It’s time to leave the second jump a thing of the past

The second leap concept was first introduced in 1972 by the International Earth Rotation and Reference System Service (IERS) in an attempt to periodically update Coordinated Universal Time (UTC) due to observed solar time imprecise (UT1) and the long-term deceleration of the Earth’s rotation. This periodic adjustment primarily benefits scientists and astronomers as it allows them to observe celestial bodies using UTC for most purposes. If there was no UTC correction, adjustments would have to be made to the legacy equipment and software that synchronizes to UTC for astronomical observations.

As of today, since the introduction of the second interleave, UTC has been updated 27 times.

While the second leap might have been an acceptable solution in 1972, when it made both the scientific community and the telecommunications industry happy, today UTC is just as bad for digital applications as for scientists, who often choose TAI or UT1.

At Meta, we’re supporting an industry effort to stop future leap second introductions and stay at the current level of 27. Introducing new leap seconds is a risky practice that does more harm than good, and we believe it’s time to ‘enter new interleaved seconds. technologies to replace it.

leap of faith

One of the many factors that contribute to the irregularities in the Earth’s rotation is the constant melting and freezing of ice caps on the world’s highest mountains. This phenomenon can be visualized simply by thinking of a spinning figure skater, who manages angular velocity by controlling his arms and hands. As the arms extend, the angular velocity decreases, conserving the skater’s momentum. As soon as the skater brings the arms back the angular velocity increases.

To visualize the change in angular velocity, think of a spinning figure skater.

So far, only positive split seconds have been added. In the early days, this was done simply by adding an extra second, resulting in an unusual time stamp:

23:59:59 -> 23:59:60 -> 00:00:00

At best, this time jump resulted in crashed programs or even corrupted data, due to strange timestamps in the data storage.

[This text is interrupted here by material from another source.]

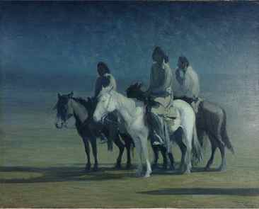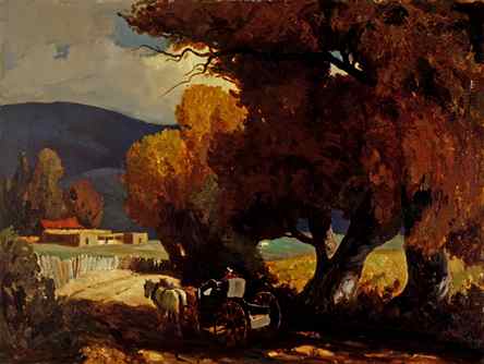 With the intent to visit Santa Fe briefly so as to paint for the Santa Fe Railway, Edgar Alwin Payne extended his visit to New Mexico for four months. During his stay Payne sketched and painted throughout the Navajo Reservation, most notably Indians Under Spiderwoman Rock. The results of his close observations of the land and its inhabitants are highly textured paintings with loose brush strokes.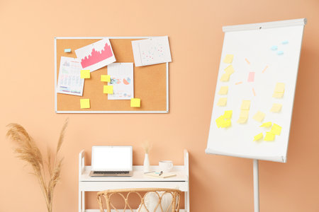 Modern workplace with sticky notes and flipchart near beige wall

With the Earth’s rotation pattern changing, it is very likely that we will have a second negative jump at some point in the future. The timestamp will then look like this:

23:59:58 -> 00:00:00

The impact of a second negative interleave has never been tested on a large scale; it could have a devastating effect on software that relies on timers or schedulers.

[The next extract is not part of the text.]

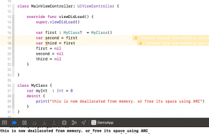 This is very simple viewController and a class named MyClass, in DidLoad just initiate the class and create a couple more variables to pointing to the same class and then set them all to nil. See the MyClass code there is a definite function in there this is called right before the object remove from memory. So there is three-pointer (three reference count for MyClass), once you nil-all of them then you can see the print statements.

In any case, every split second is a huge source of pain for people who manage hardware infrastructures.

smear

More recently, it has become common practice to “smear” a split second simply by slowing down or speeding up the clock. There is no universal way to do this, but in Meta we broadcast the second hop for 17 hours, starting at 00:00:00 UTC based on the contents of the timezone data packet (tzdata).

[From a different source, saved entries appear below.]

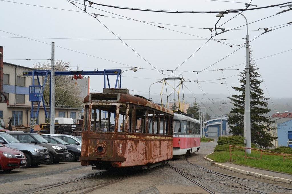 Manipulace s motorovým vozem 4MT ev. č. 134 krátce po složení ze silničního návěsu v medlánecké vozovně.
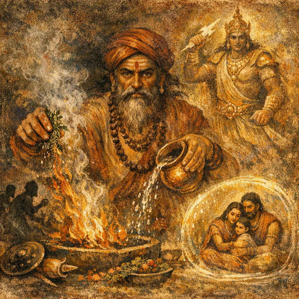 In this short RV-derived set, Sūrya clears away harm through light and forward motion, while Indra is invoked as the beneficent ally who ‘yields’ prosperity and, when strengthened by Soma, stabilizes protection and success.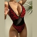 Sexy Plunge V-neck Leopard Print Backless Criss-cross Halter One-piece Swimsuit.

Skip second defaming Meta.

Let’s break it down a bit.

We chose a duration of 17 hours mainly because slandering is happening in Stratum 2, where hundreds of NTP servers are slandering at the same time. To ensure that the difference between them is tolerable, the steps should be minimal. If the broadcast steps are too large, NTP clients may consider some devices to be faulty and exclude them from the quorum, which may cause an outage.

The starting point at 00:00:00 UTC is also not standardized and there are many possible options. For example, some companies start smearing at 12:00:00 UTC the day before and for 24 hours; some do it two hours before the event, and others right on the edge.

There are also different algorithms on the spread itself. There is kernel leap second correction, linear (when equal steps are applied), cosine and quadratic (used by Meta) speckles. The algorithms are based on different mathematical models and produce different compensation charts:

Second kernel jump with NTPD

The source of the hop indicator differs between GNSS constellations (eg GPS, GLONASS, Galileo and BeiDou). In some cases, it is broadcast by satellite several hours in advance. In other cases, the time is propagated in UTC with the jump already applied. In different constellations, the value of the interleaved second differs depending on when it was cast.

Difference in second interleaver values ​​between GNSS constellations.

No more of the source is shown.